Probably the character then developed by Beethoven as a result of his pathology contributed to creating confusion in the mind of the author to the point of not being able to identify the correct way to read the metronome, but whether to read the number immediately below the notch or immediately above. This is not unimportant, because, as many performers know, the metronome times indicated in Beethoven's score are often too fast. Therefore, it is not only the fault of the interpretative "slowdown" of the romantic and post-Wagnerian period (after Beethoven).

Curious and macabre facts

To close the book, almost in a macabre way, there is a chapter with the main clinical and neuropathological data of some of the great composers in history, extracted from the most up-to-date anatomical findings of the authors. We know, for example, that Vivaldi suffered from heart disease (although perhaps sometimes he pretended to escape from inopportune situations). Bach was highly myopic, diabetic, and possibly arteriosclerotic. Mozart had kidney failure (but it is unlikely that he had Tourette's syndrome, as it is sometimes said). Chopin had more problems: emphysema, cystic fibrosis, bronchiectasis, tuberculosis, cirrhosis of the liver, pancreatic insufficiency, and various other disorders. But also Haydn, Rachmaninov, Gershwin... In addition to making us reflect on how much medicine has evolved today compared to even the beginning of the XNUMXth century, a relationship could be made with the style of music.
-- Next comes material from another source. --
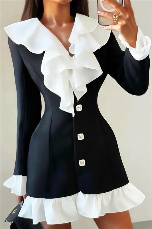 - Model ima uski i klasičan kroj, duge rukave, stilska dugmad i efektne bele volane.
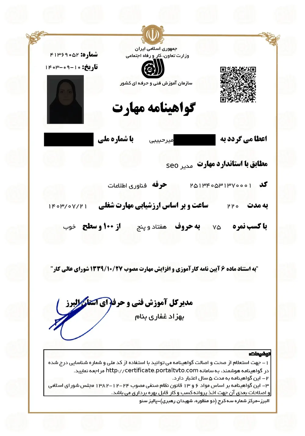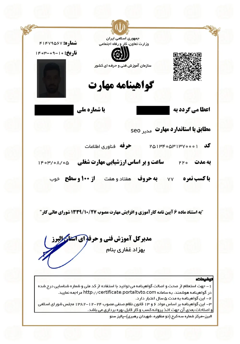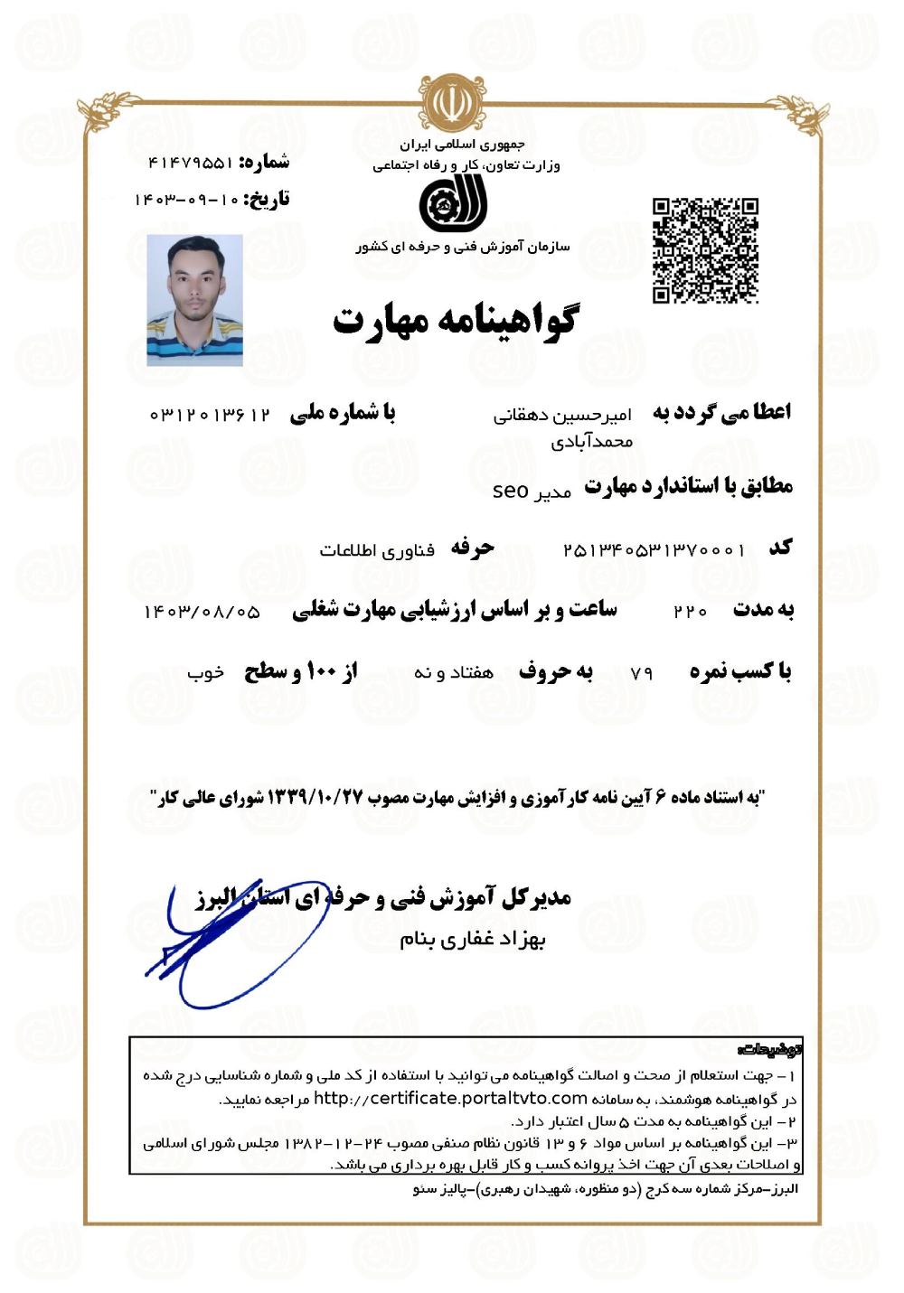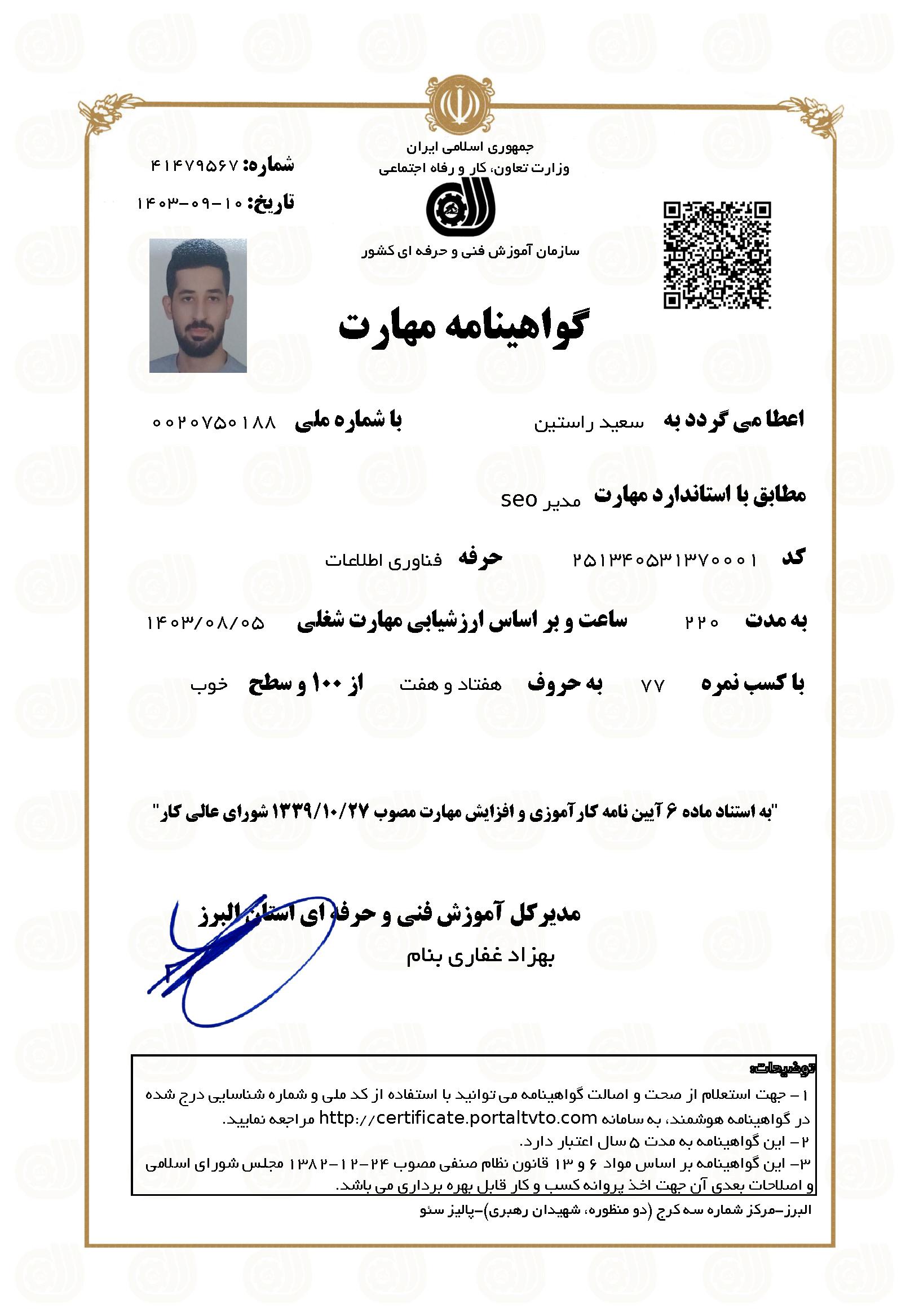برای اولین بار در استان البرز، پالیز سئو پس از تکمیل دوره آموزشی به دانشجویان خود مدرک معتبر فنی و حرفه ای اعطا خواهد کرد.

Wanting to extract a moral, addressed in particular to musicians, but not only for them: it is good to consider music not as a spiritual or even magical phenomenon (as we often tend to believe, through anecdotes and stories about certain musicians and certain interpretations), but as a human phenomenon that can be investigated with the methods of science. It is not the author who mentions this noraleja to us, but Roberto Prosseda, a well-known pianist and soloist, who wrote the initial presentation of the book.